▶ [WORK INSTRUCTIONS]:
From the first line to the last, print the records exactly, leaving out the pictures.

▶ [EXERCISE DATA]:
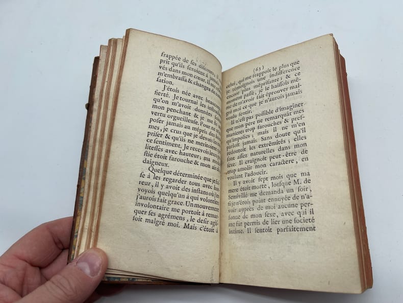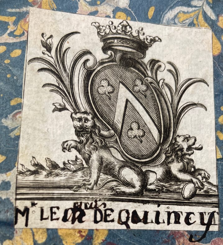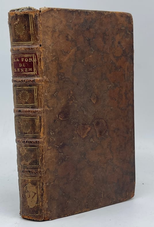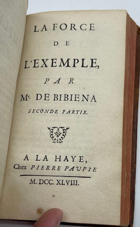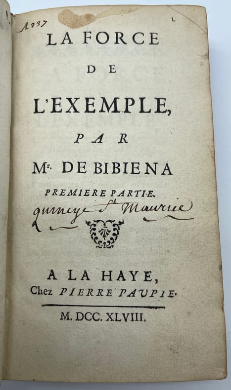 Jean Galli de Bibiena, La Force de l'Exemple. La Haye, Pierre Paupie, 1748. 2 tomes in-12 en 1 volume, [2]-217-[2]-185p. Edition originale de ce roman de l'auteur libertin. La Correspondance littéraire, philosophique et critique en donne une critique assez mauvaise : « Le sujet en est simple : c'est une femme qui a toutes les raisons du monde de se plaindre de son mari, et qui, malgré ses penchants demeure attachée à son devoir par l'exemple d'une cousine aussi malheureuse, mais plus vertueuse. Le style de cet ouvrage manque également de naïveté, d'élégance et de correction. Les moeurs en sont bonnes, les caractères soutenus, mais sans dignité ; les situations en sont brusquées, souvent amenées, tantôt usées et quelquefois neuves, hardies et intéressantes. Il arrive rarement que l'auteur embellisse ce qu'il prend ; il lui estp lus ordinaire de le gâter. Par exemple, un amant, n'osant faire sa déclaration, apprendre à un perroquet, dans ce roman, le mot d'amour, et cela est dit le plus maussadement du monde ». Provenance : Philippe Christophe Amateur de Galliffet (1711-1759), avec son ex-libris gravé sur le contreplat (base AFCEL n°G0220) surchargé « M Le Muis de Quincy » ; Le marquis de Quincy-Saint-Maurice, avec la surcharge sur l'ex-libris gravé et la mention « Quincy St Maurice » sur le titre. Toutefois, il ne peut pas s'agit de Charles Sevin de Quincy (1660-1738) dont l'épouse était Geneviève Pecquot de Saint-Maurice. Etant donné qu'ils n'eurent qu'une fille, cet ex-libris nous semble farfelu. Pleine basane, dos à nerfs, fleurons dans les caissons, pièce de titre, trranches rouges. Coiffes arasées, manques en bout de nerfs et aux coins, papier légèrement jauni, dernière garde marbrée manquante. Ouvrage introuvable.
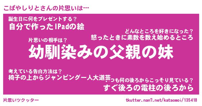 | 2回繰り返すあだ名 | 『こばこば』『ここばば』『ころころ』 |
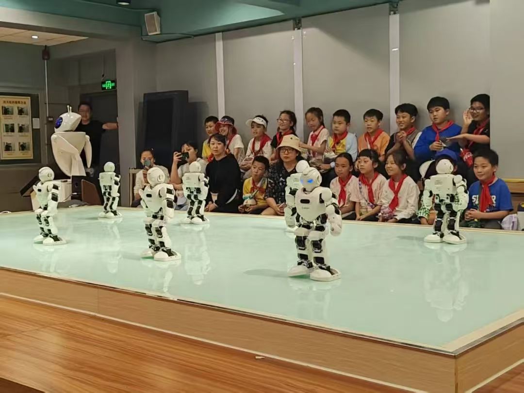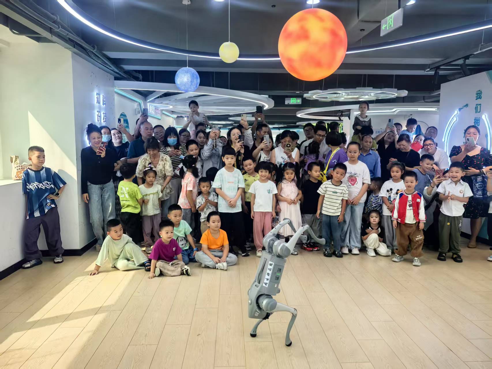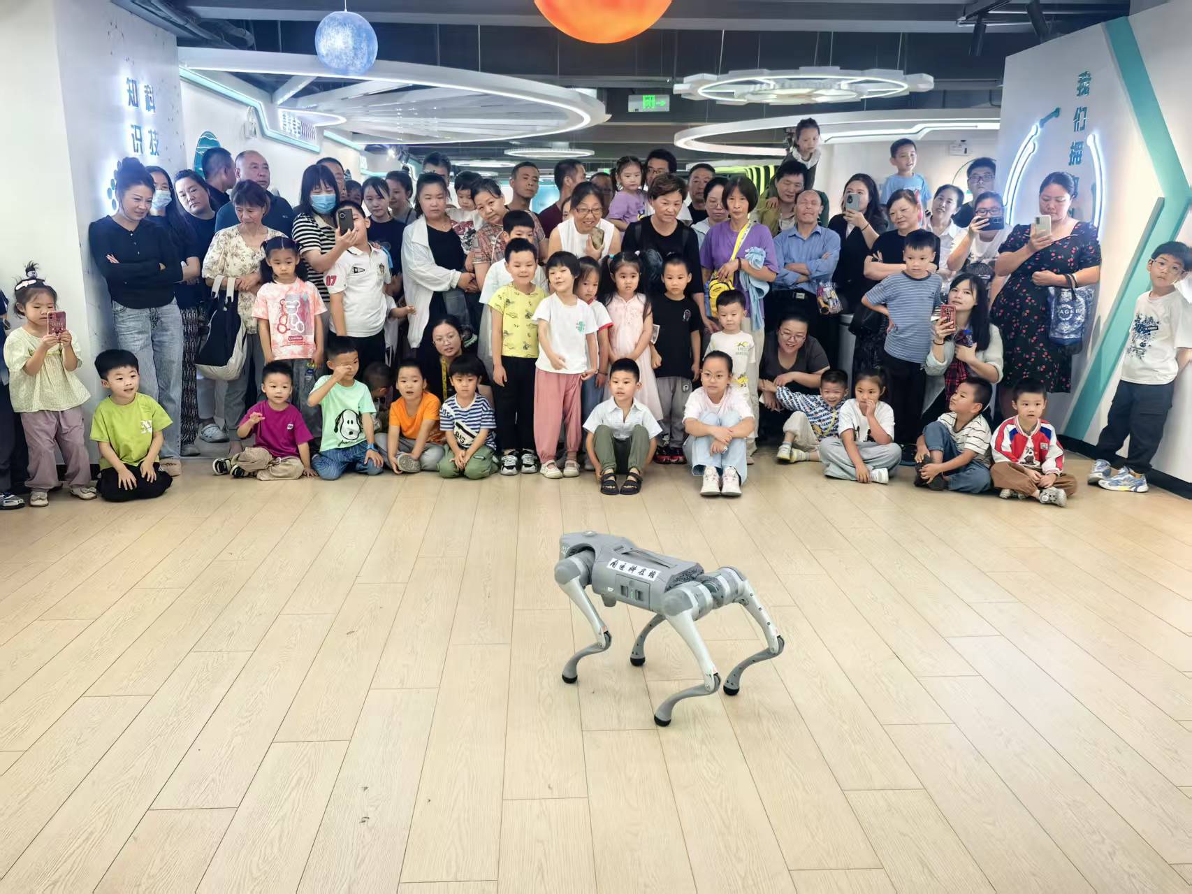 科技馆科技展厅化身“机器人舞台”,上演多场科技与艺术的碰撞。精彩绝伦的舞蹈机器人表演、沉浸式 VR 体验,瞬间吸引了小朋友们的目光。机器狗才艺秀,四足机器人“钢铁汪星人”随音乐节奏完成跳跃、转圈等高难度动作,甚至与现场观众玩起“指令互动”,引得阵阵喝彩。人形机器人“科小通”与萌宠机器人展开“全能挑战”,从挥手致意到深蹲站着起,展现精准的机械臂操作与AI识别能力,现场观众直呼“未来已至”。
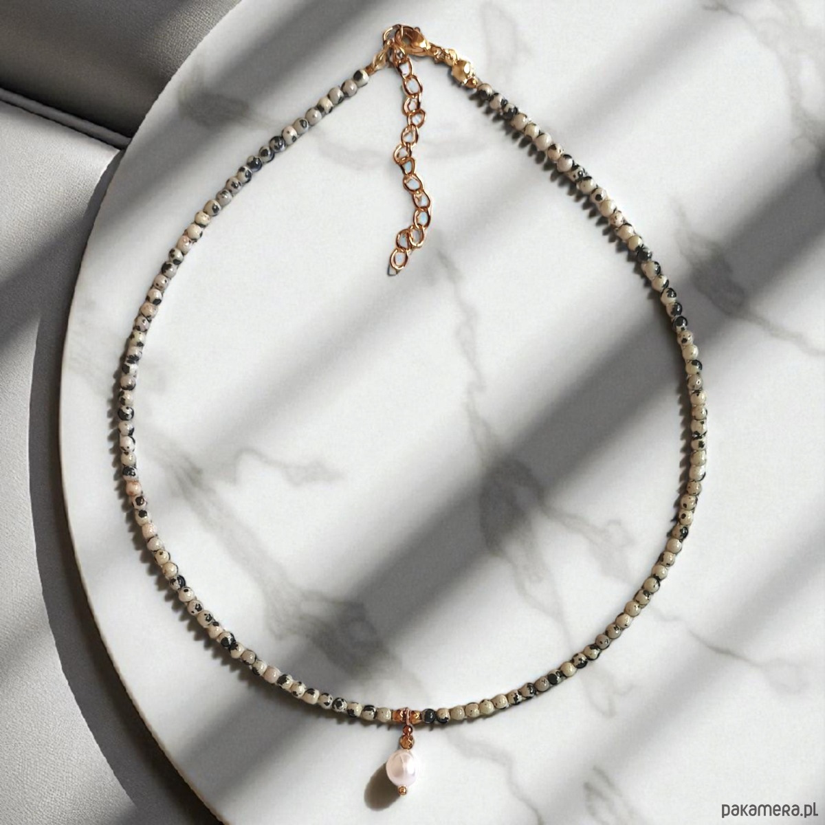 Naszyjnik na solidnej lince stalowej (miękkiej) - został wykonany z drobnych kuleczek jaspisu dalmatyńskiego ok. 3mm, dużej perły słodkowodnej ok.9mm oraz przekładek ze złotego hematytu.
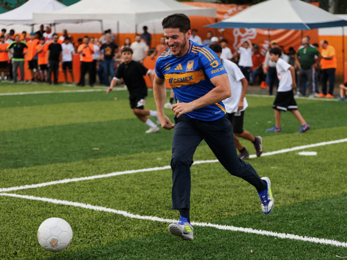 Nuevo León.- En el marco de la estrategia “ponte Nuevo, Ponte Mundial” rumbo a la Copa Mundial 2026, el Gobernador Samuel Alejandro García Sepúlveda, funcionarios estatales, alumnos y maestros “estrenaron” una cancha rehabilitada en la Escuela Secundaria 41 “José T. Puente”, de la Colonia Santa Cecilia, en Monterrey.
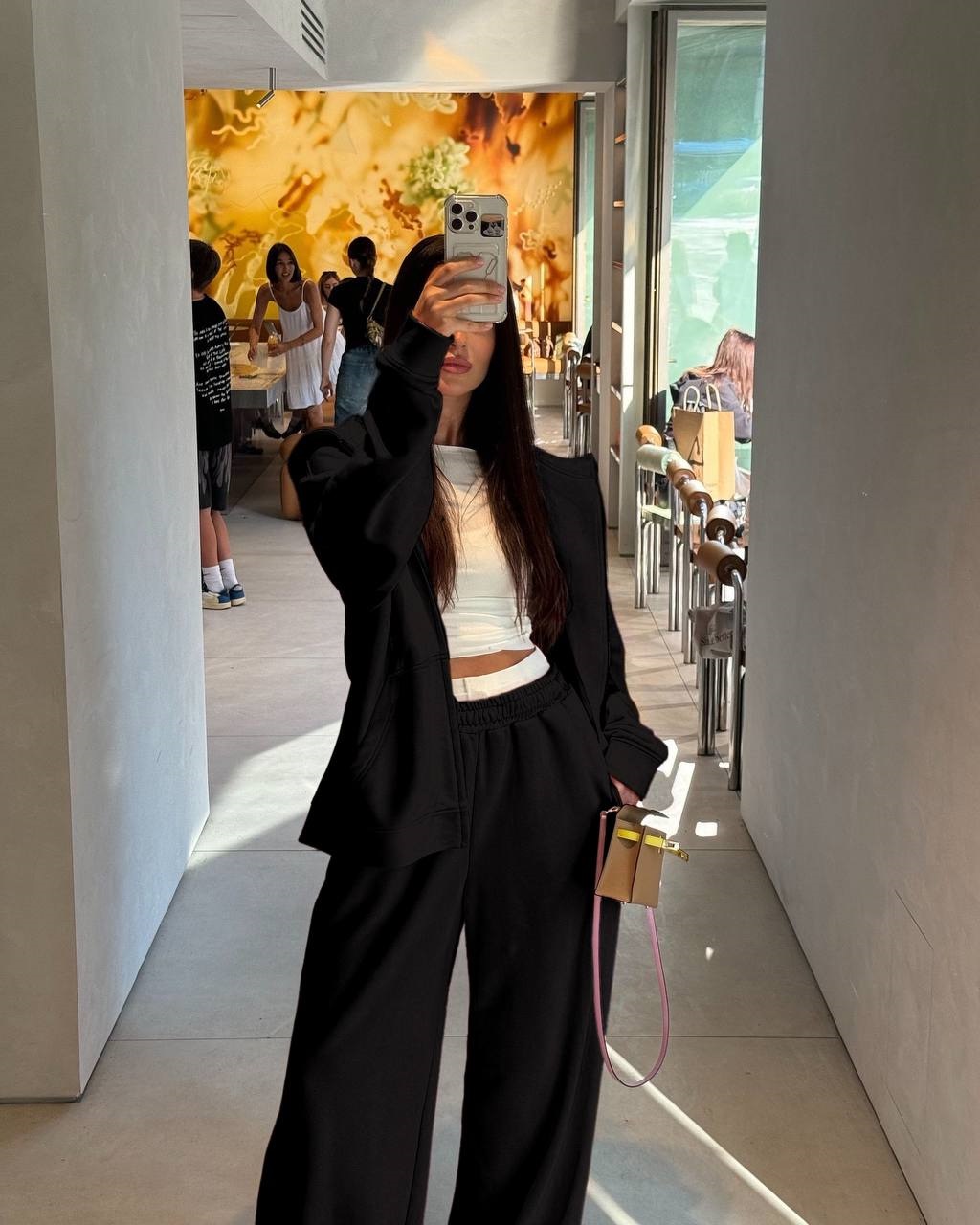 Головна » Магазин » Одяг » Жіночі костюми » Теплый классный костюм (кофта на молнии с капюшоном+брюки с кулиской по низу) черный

▶ [EXERCISE ANSWER]:
 Jean Galli de Bibiena, La Force de l'Exemple. La Haye, Pierre Paupie, 1748. 2 tomes in-12 en 1 volume, [2]-217-[2]-185p. Edition originale de ce roman de l'auteur libertin. La Correspondance littéraire, philosophique et critique en donne une critique assez mauvaise : « Le sujet en est simple : c'est une femme qui a toutes les raisons du monde de se plaindre de son mari, et qui, malgré ses penchants demeure attachée à son devoir par l'exemple d'une cousine aussi malheureuse, mais plus vertueuse. Le style de cet ouvrage manque également de naïveté, d'élégance et de correction. Les moeurs en sont bonnes, les caractères soutenus, mais sans dignité ; les situations en sont brusquées, souvent amenées, tantôt usées et quelquefois neuves, hardies et intéressantes. Il arrive rarement que l'auteur embellisse ce qu'il prend ; il lui estp lus ordinaire de le gâter. Par exemple, un amant, n'osant faire sa déclaration, apprendre à un perroquet, dans ce roman, le mot d'amour, et cela est dit le plus maussadement du monde ». Provenance : Philippe Christophe Amateur de Galliffet (1711-1759), avec son ex-libris gravé sur le contreplat (base AFCEL n°G0220) surchargé « M Le Muis de Quincy » ; Le marquis de Quincy-Saint-Maurice, avec la surcharge sur l'ex-libris gravé et la mention « Quincy St Maurice » sur le titre. Toutefois, il ne peut pas s'agit de Charles Sevin de Quincy (1660-1738) dont l'épouse était Geneviève Pecquot de Saint-Maurice. Etant donné qu'ils n'eurent qu'une fille, cet ex-libris nous semble farfelu. Pleine basane, dos à nerfs, fleurons dans les caissons, pièce de titre, trranches rouges. Coiffes arasées, manques en bout de nerfs et aux coins, papier légèrement jauni, dernière garde marbrée manquante. Ouvrage introuvable.
 | 2回繰り返すあだ名 | 『こばこば』『ここばば』『ころころ』 |
 科技馆科技展厅化身“机器人舞台”,上演多场科技与艺术的碰撞。精彩绝伦的舞蹈机器人表演、沉浸式 VR 体验,瞬间吸引了小朋友们的目光。机器狗才艺秀,四足机器人“钢铁汪星人”随音乐节奏完成跳跃、转圈等高难度动作,甚至与现场观众玩起“指令互动”,引得阵阵喝彩。人形机器人“科小通”与萌宠机器人展开“全能挑战”,从挥手致意到深蹲站着起,展现精准的机械臂操作与AI识别能力,现场观众直呼“未来已至”。
 Naszyjnik na solidnej lince stalowej (miękkiej) - został wykonany z drobnych kuleczek jaspisu dalmatyńskiego ok. 3mm, dużej perły słodkowodnej ok.9mm oraz przekładek ze złotego hematytu.
 Nuevo León.- En el marco de la estrategia “ponte Nuevo, Ponte Mundial” rumbo a la Copa Mundial 2026, el Gobernador Samuel Alejandro García Sepúlveda, funcionarios estatales, alumnos y maestros “estrenaron” una cancha rehabilitada en la Escuela Secundaria 41 “José T. Puente”, de la Colonia Santa Cecilia, en Monterrey.
 Головна » Магазин » Одяг » Жіночі костюми » Теплый классный костюм (кофта на молнии с капюшоном+брюки с кулиской по низу) черный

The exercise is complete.